@PedramTabibi
A voice for Jewish-Iranians in the U.S.
A decade ago, as an undergraduate at New York University, Pedram Tabibi attended a meeting of the school’s Persian Cultural Society.
An Iranian Jew born in Tehran and brought to American at age 4, he had an idea: start an organization for Iranian Jews on campus. The Iranian Jewish Club, which began with two dozen students at a social night, has grown to a group that has welcomed “hundreds” of participants to its series of religious, educational and cultural events.
After completing Cardozo Law School, where he concentrated in intellectual property law, he became a founding member of “30 Years After,” an organization of which he’s now president.

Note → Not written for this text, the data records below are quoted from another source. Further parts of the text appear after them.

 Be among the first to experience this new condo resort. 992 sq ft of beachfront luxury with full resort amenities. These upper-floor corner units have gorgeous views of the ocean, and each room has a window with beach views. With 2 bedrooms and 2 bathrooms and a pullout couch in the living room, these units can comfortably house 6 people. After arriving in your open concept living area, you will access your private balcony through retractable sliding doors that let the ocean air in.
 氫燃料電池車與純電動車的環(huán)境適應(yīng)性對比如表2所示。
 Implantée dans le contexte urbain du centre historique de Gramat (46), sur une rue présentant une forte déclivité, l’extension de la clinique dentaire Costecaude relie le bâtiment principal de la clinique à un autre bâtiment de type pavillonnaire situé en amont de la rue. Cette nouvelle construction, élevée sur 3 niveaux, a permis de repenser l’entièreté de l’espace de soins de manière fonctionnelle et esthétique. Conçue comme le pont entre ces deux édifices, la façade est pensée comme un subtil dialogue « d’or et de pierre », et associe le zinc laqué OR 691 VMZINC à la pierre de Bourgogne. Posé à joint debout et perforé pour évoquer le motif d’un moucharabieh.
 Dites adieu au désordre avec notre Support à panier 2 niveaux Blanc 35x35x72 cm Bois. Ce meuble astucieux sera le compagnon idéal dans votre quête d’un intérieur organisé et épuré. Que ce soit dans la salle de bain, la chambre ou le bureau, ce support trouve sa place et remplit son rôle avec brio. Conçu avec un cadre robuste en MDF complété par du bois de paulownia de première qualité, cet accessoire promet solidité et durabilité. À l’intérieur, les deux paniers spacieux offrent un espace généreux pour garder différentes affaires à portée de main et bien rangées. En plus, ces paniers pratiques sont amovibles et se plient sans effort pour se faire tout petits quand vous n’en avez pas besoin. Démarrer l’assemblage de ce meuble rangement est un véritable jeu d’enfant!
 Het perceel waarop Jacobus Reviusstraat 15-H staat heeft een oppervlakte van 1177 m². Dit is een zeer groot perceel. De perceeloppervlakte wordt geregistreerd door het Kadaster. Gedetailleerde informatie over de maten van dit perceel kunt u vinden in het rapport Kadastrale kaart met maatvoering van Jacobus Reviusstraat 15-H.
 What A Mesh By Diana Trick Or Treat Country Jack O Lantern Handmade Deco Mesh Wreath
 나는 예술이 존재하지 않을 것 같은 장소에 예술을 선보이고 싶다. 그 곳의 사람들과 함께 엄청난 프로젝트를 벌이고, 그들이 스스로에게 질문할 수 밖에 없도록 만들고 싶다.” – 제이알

The group encourages young Iranian Jews to get involved in civic and pro-Israel causes. Its name reflects its formation three decades after the Iranian Revolution.
One of the organization’s activities, the “My Legacy” project, tapes the oral histories of Iranian-born Jews in Great Neck, where a large number of Iranian Jews live.
Tabibi said all his activities share one theme: to strengthen the Iranian-Jewish community in the States, and to give Iranian Jews pride.
Unlike many Iranian Jews his age, he said, he did not take on an American-sounding name. No Peter, for instance. “It never entered my mind,” Tabibi said. “Pedram” is assertively Iranian. “It makes me distinctive.”
High aspirations: As a child, Tabibi’s goal was to be U.S. president, because of “the ideal of service to everyone who is less fortunate.” He realized eventually that the nation’s highest office was unattainable for someone foreign-born. But … he did get to serve as president for a day, sort of — president of his high school class for two years, he portrayed George Washington on a crossing-the-Delaware float one year. Uniform, wig, boots. “I was president” — actually, general — “for a day.”